### BRIEF
Reproduce the data below word for word, setting aside any picture it holds.
(Beginning of COLLECTED MATERIAL)
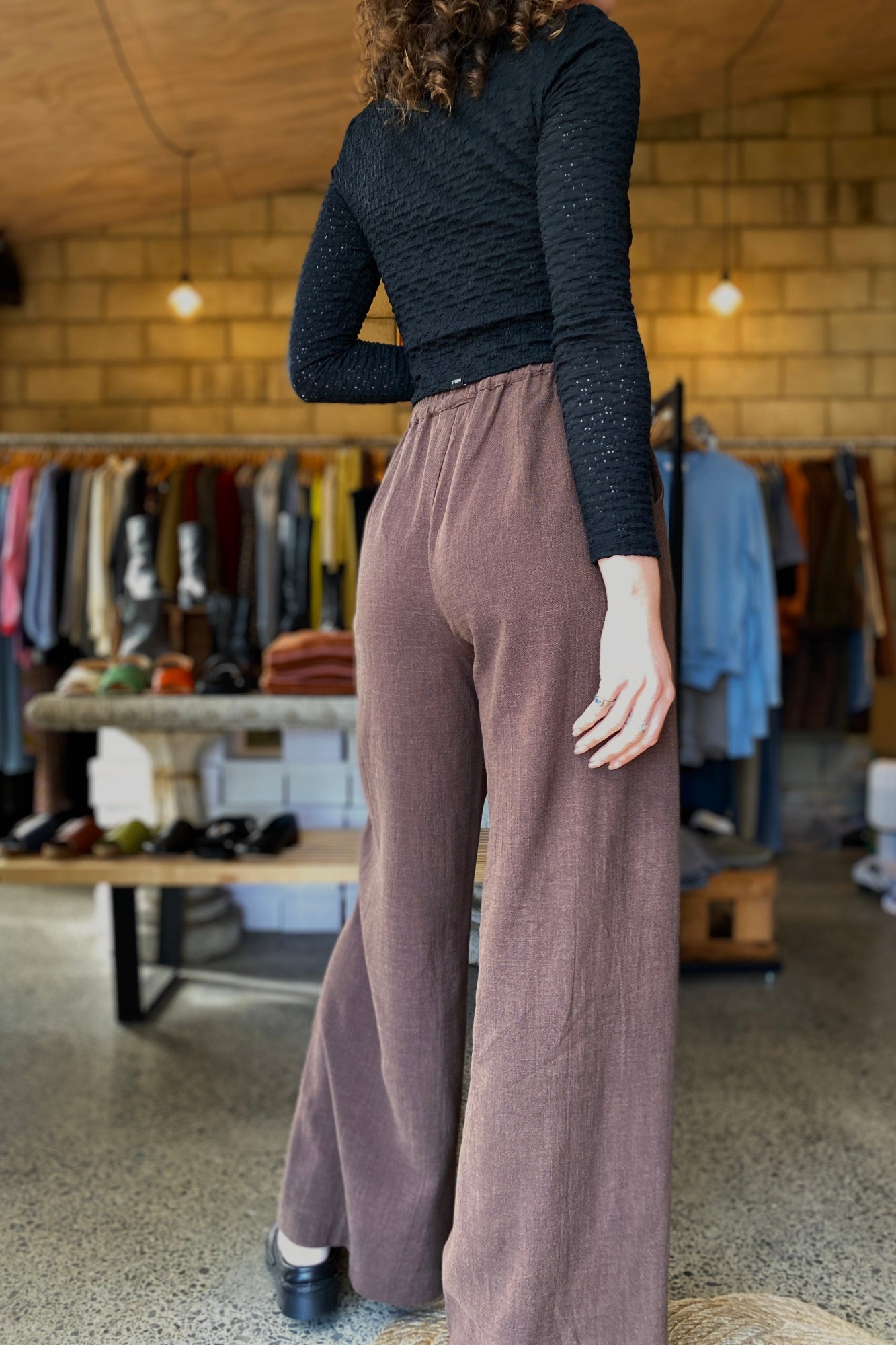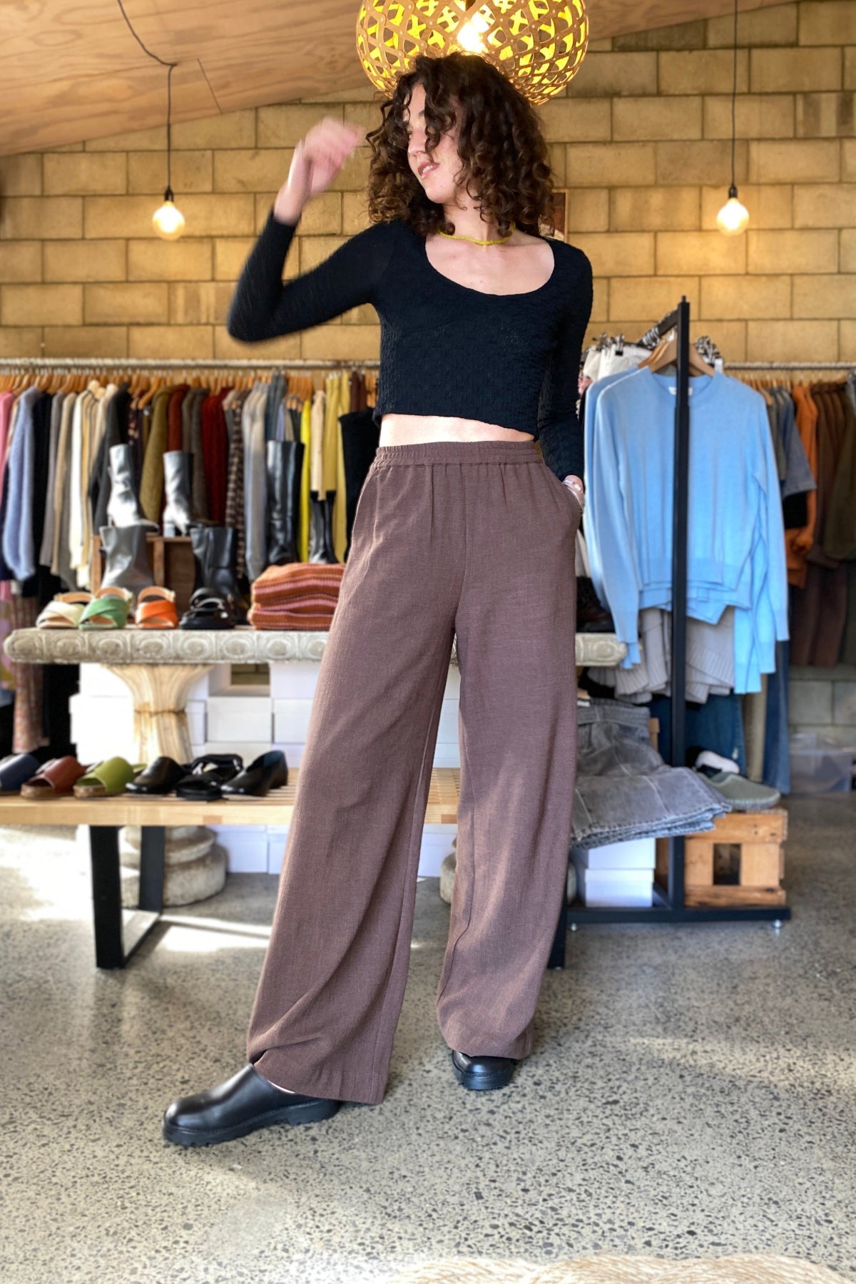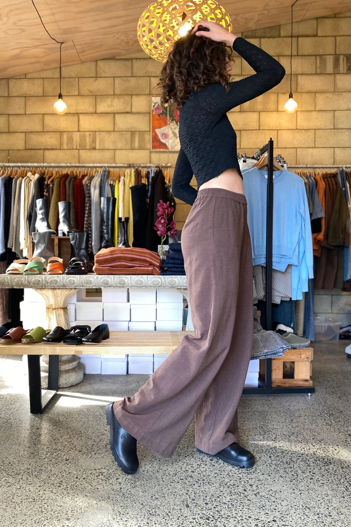 Mira Wilder Pant is wider leg pant, side pockets with elasticated waist that can sit high / mid waist. Flattering style on pretty much everyone.
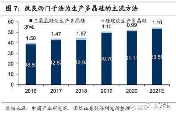 生產(chǎn)高純多晶硅的生產(chǎn)路線有西門子法、改良西門子法、硅烷流化法、冶金法(物理法)等,改良西門子法安全環(huán)保,是應(yīng)用最廣的多晶硅生產(chǎn)工藝路線。改良西門子法技術(shù)成熟,產(chǎn)品質(zhì)量最高,可以達(dá)到電子級(jí)多晶硅的純度。根據(jù)三孚股份招股說(shuō)明書(shū),企業(yè)實(shí)際生產(chǎn)過(guò)程中產(chǎn) 生產(chǎn) 1 噸多晶硅需要耗用三為 氯氫硅約為 1-1.5 噸,短期內(nèi)其他技術(shù)迭代改良西門子法的可能性較小,預(yù)計(jì)未來(lái)多晶硅生產(chǎn)技術(shù)改進(jìn)對(duì)三氯氫硅消耗量的影響有限,三氯氫硅需求主要取決于下游多晶硅產(chǎn)能及太陽(yáng)能電池組裝業(yè)務(wù)需求。
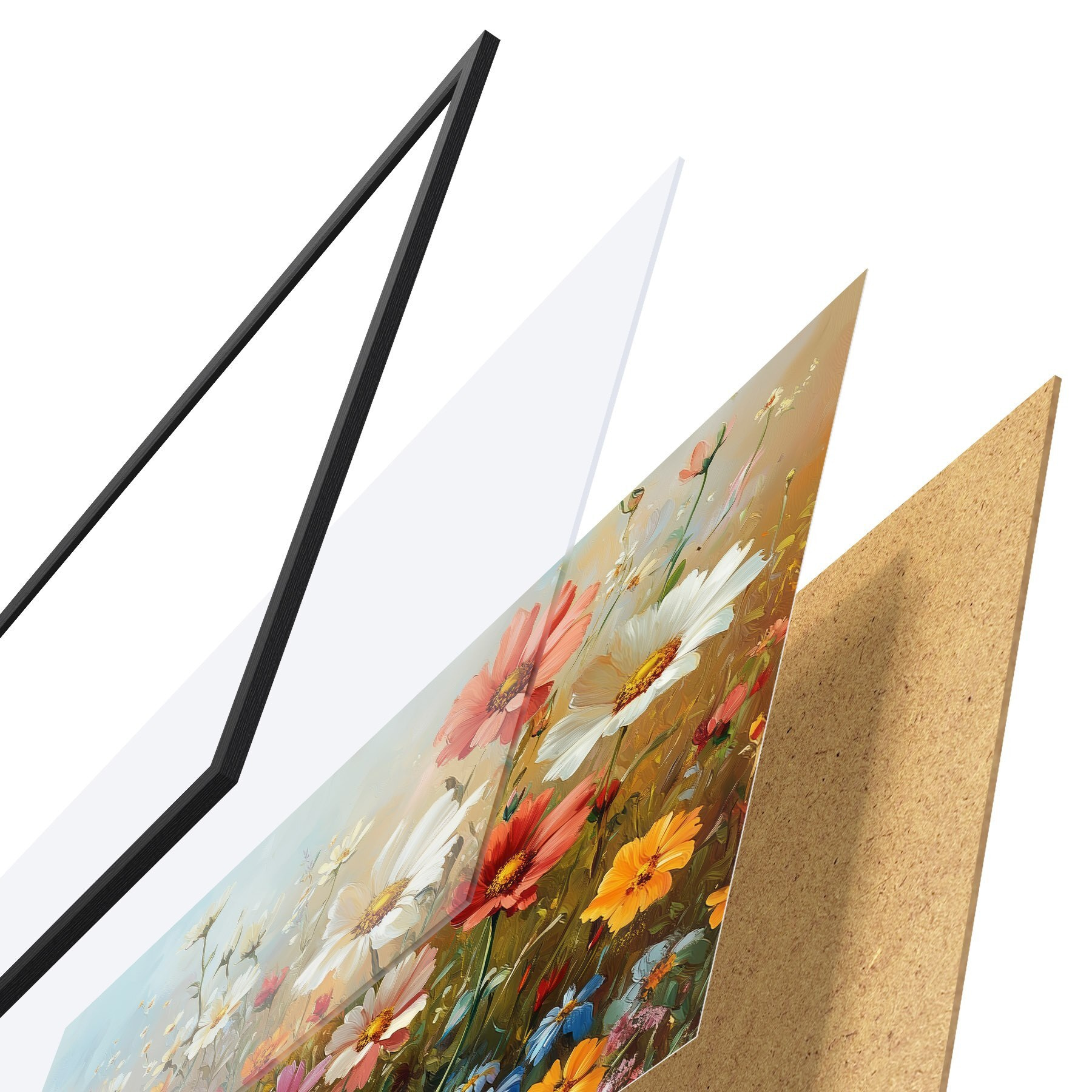 Le poster se compose d'un cadre, d'un plexiglas, d'une image imprimée et d'un support en aggloméré. Le poster peut être immédiatement accroché au mur grâce aux fixations au dos.
(End of COLLECTED MATERIAL)
### EXERCISE ANSWER
 Mira Wilder Pant is wider leg pant, side pockets with elasticated waist that can sit high / mid waist. Flattering style on pretty much everyone.
 生產(chǎn)高純多晶硅的生產(chǎn)路線有西門子法、改良西門子法、硅烷流化法、冶金法(物理法)等,改良西門子法安全環(huán)保,是應(yīng)用最廣的多晶硅生產(chǎn)工藝路線。改良西門子法技術(shù)成熟,產(chǎn)品質(zhì)量最高,可以達(dá)到電子級(jí)多晶硅的純度。根據(jù)三孚股份招股說(shuō)明書(shū),企業(yè)實(shí)際生產(chǎn)過(guò)程中產(chǎn) 生產(chǎn) 1 噸多晶硅需要耗用三為 氯氫硅約為 1-1.5 噸,短期內(nèi)其他技術(shù)迭代改良西門子法的可能性較小,預(yù)計(jì)未來(lái)多晶硅生產(chǎn)技術(shù)改進(jìn)對(duì)三氯氫硅消耗量的影響有限,三氯氫硅需求主要取決于下游多晶硅產(chǎn)能及太陽(yáng)能電池組裝業(yè)務(wù)需求。
 Le poster se compose d'un cadre, d'un plexiglas, d'une image imprimée et d'un support en aggloméré. Le poster peut être immédiatement accroché au mur grâce aux fixations au dos.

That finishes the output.